## Dataset section
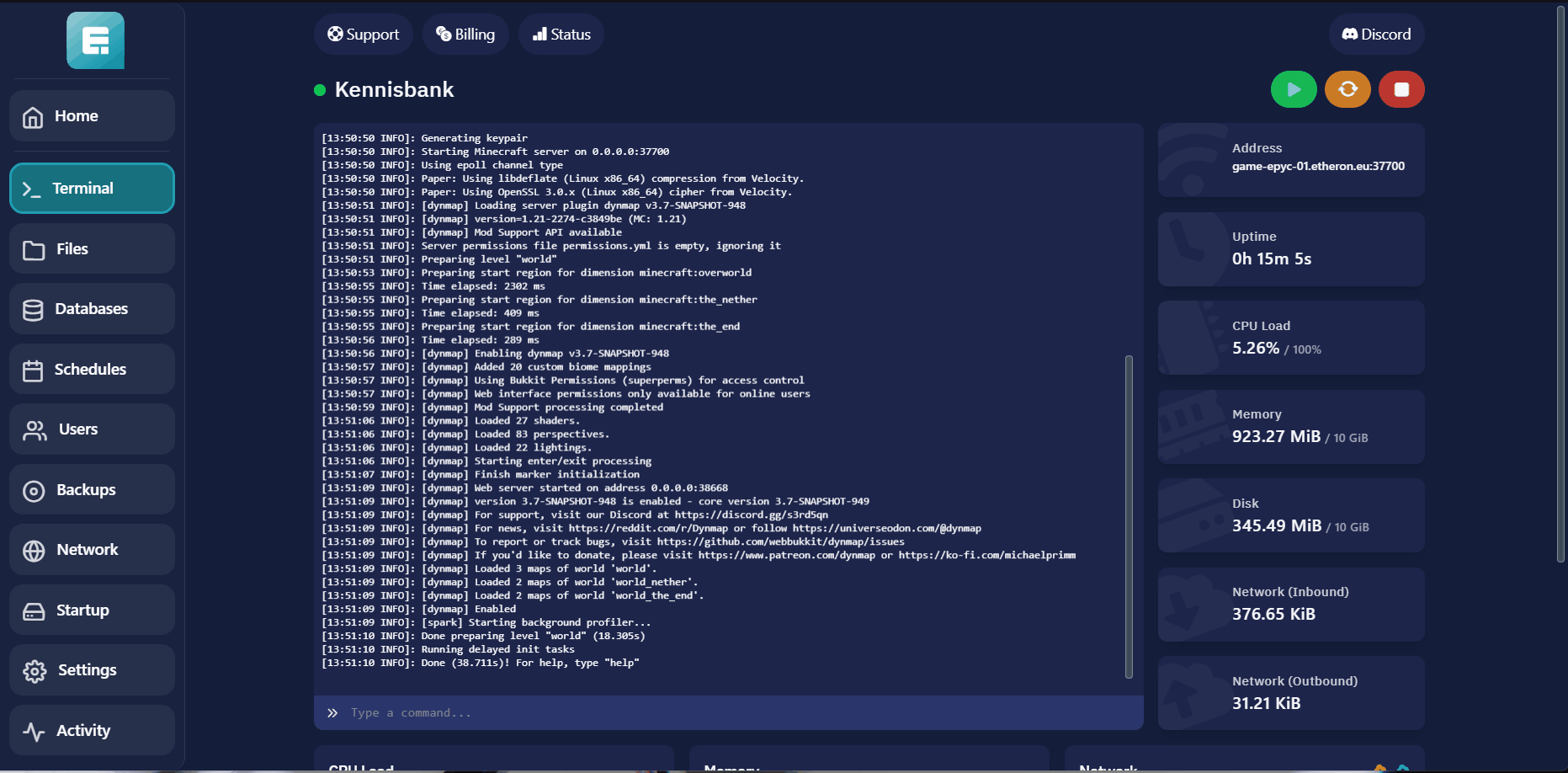 - Nu kan je de server weer aanzetten.
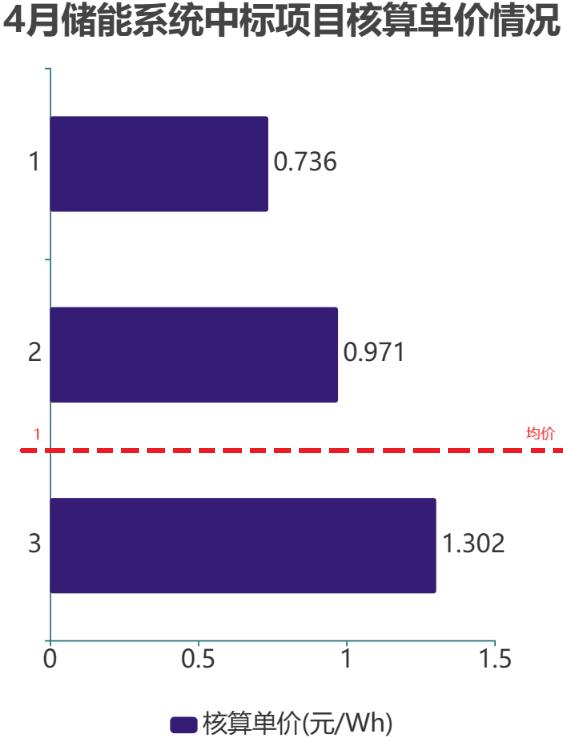※ 4月儲能系統中標核算單價情況 來源:星球儲能所
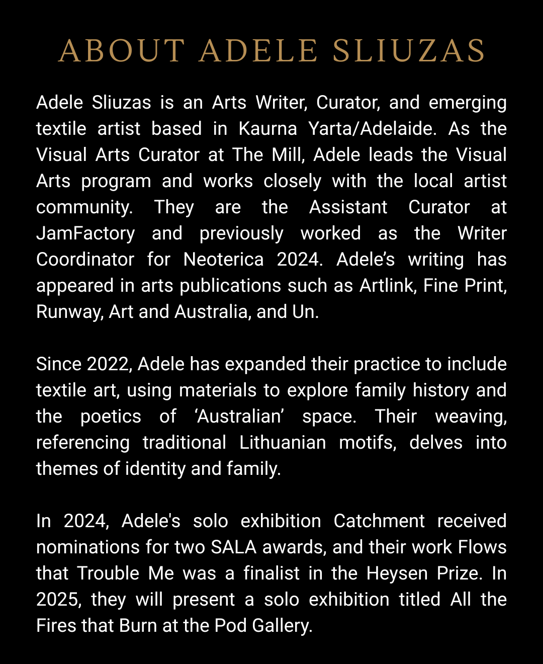 Adele Sliuzas, Arts writer, curator and emerging textiles artist, The Mill Adelaide

## Work to be completed
Give back the material exactly as written, images excluded.

## Exercise answer
 - Nu kan je de server weer aanzetten.
※ 4月儲能系統中標核算單價情況 來源:星球儲能所
 Adele Sliuzas, Arts writer, curator and emerging textiles artist, The Mill Adelaide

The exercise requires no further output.